__YOUR ASSIGNMENT__. Word for word, copy out the data below, omitting pictures.

__INFORMATION SHOWN__.
▬▬▬
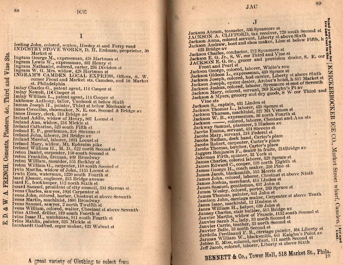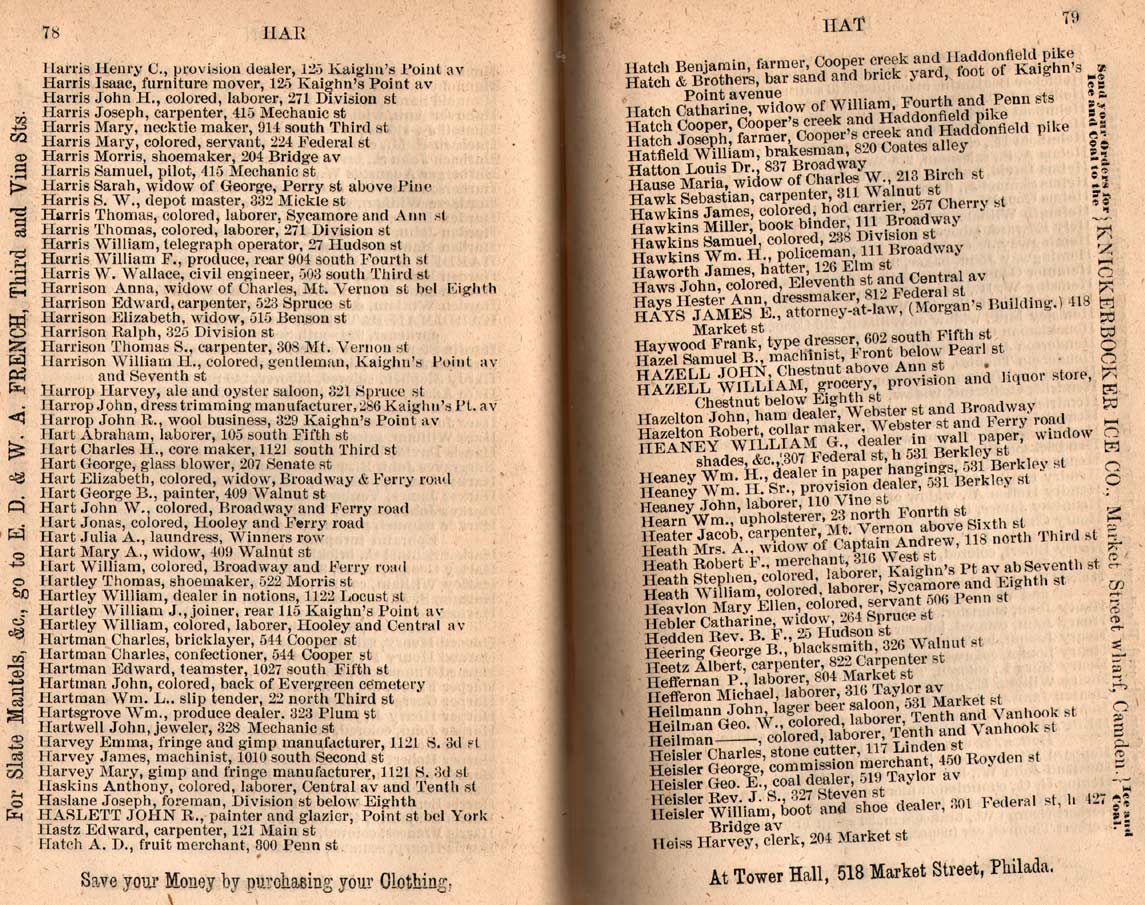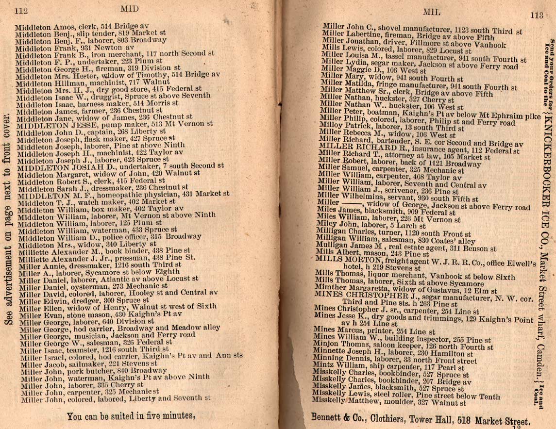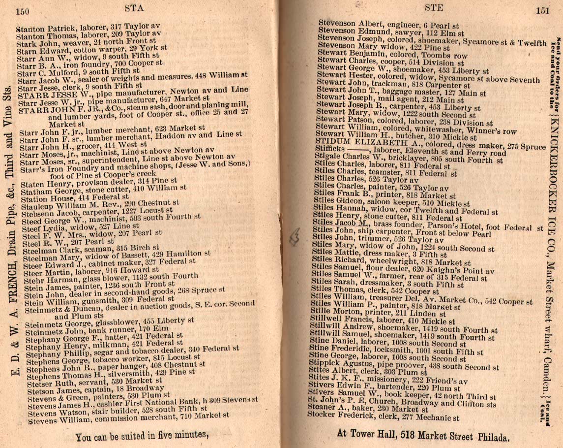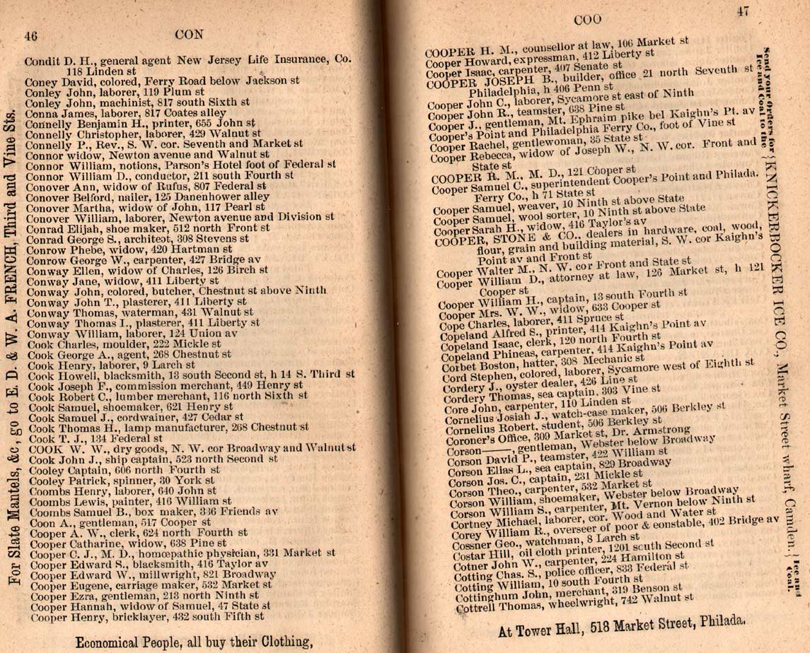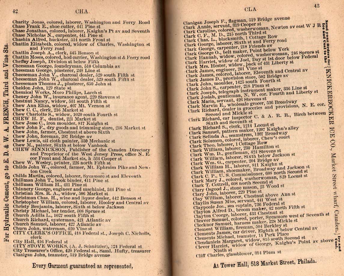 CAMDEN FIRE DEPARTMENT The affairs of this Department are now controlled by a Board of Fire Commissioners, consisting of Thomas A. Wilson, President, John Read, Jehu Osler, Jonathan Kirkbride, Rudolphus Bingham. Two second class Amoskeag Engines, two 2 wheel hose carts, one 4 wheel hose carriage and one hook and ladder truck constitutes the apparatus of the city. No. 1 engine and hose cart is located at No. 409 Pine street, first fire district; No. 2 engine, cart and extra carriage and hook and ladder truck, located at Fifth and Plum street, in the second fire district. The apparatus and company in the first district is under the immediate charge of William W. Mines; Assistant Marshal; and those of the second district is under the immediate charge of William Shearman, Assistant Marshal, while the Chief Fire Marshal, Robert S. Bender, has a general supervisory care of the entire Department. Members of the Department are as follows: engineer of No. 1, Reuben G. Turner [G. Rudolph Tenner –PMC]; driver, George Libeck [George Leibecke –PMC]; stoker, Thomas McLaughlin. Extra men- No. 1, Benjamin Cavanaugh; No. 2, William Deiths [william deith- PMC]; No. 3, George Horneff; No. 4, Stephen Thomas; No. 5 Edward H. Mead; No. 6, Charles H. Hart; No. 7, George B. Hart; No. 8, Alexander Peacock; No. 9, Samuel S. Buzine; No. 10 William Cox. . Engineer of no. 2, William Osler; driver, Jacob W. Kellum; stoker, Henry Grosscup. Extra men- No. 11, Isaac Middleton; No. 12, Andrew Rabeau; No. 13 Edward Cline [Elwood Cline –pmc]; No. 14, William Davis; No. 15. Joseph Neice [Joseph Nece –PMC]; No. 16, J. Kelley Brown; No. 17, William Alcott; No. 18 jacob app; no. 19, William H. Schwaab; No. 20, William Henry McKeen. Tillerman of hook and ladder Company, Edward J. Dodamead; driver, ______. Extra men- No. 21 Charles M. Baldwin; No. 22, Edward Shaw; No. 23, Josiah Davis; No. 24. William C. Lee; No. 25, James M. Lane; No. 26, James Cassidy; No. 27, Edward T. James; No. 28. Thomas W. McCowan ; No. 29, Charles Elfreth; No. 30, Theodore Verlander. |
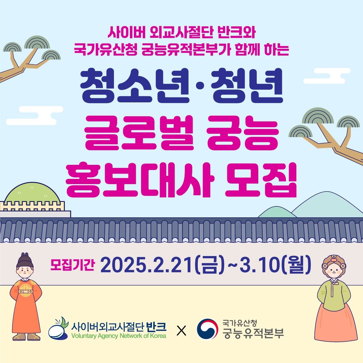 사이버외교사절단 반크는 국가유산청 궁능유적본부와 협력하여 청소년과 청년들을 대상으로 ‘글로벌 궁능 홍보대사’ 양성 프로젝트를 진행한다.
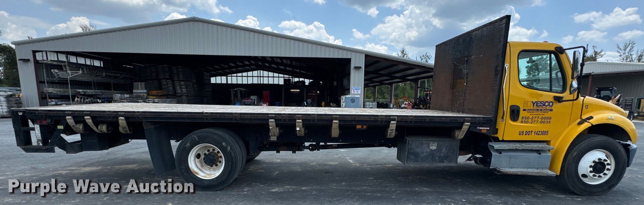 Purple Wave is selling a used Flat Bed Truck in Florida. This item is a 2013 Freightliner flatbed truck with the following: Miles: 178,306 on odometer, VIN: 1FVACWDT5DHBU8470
▬▬▬
__COMPLETED TASK__.
 CAMDEN FIRE DEPARTMENT The affairs of this Department are now controlled by a Board of Fire Commissioners, consisting of Thomas A. Wilson, President, John Read, Jehu Osler, Jonathan Kirkbride, Rudolphus Bingham. Two second class Amoskeag Engines, two 2 wheel hose carts, one 4 wheel hose carriage and one hook and ladder truck constitutes the apparatus of the city. No. 1 engine and hose cart is located at No. 409 Pine street, first fire district; No. 2 engine, cart and extra carriage and hook and ladder truck, located at Fifth and Plum street, in the second fire district. The apparatus and company in the first district is under the immediate charge of William W. Mines; Assistant Marshal; and those of the second district is under the immediate charge of William Shearman, Assistant Marshal, while the Chief Fire Marshal, Robert S. Bender, has a general supervisory care of the entire Department. Members of the Department are as follows: engineer of No. 1, Reuben G. Turner [G. Rudolph Tenner –PMC]; driver, George Libeck [George Leibecke –PMC]; stoker, Thomas McLaughlin. Extra men- No. 1, Benjamin Cavanaugh; No. 2, William Deiths [william deith- PMC]; No. 3, George Horneff; No. 4, Stephen Thomas; No. 5 Edward H. Mead; No. 6, Charles H. Hart; No. 7, George B. Hart; No. 8, Alexander Peacock; No. 9, Samuel S. Buzine; No. 10 William Cox. . Engineer of no. 2, William Osler; driver, Jacob W. Kellum; stoker, Henry Grosscup. Extra men- No. 11, Isaac Middleton; No. 12, Andrew Rabeau; No. 13 Edward Cline [Elwood Cline –pmc]; No. 14, William Davis; No. 15. Joseph Neice [Joseph Nece –PMC]; No. 16, J. Kelley Brown; No. 17, William Alcott; No. 18 jacob app; no. 19, William H. Schwaab; No. 20, William Henry McKeen. Tillerman of hook and ladder Company, Edward J. Dodamead; driver, ______. Extra men- No. 21 Charles M. Baldwin; No. 22, Edward Shaw; No. 23, Josiah Davis; No. 24. William C. Lee; No. 25, James M. Lane; No. 26, James Cassidy; No. 27, Edward T. James; No. 28. Thomas W. McCowan ; No. 29, Charles Elfreth; No. 30, Theodore Verlander. |
 사이버외교사절단 반크는 국가유산청 궁능유적본부와 협력하여 청소년과 청년들을 대상으로 ‘글로벌 궁능 홍보대사’ 양성 프로젝트를 진행한다.
 Purple Wave is selling a used Flat Bed Truck in Florida. This item is a 2013 Freightliner flatbed truck with the following: Miles: 178,306 on odometer, VIN: 1FVACWDT5DHBU8470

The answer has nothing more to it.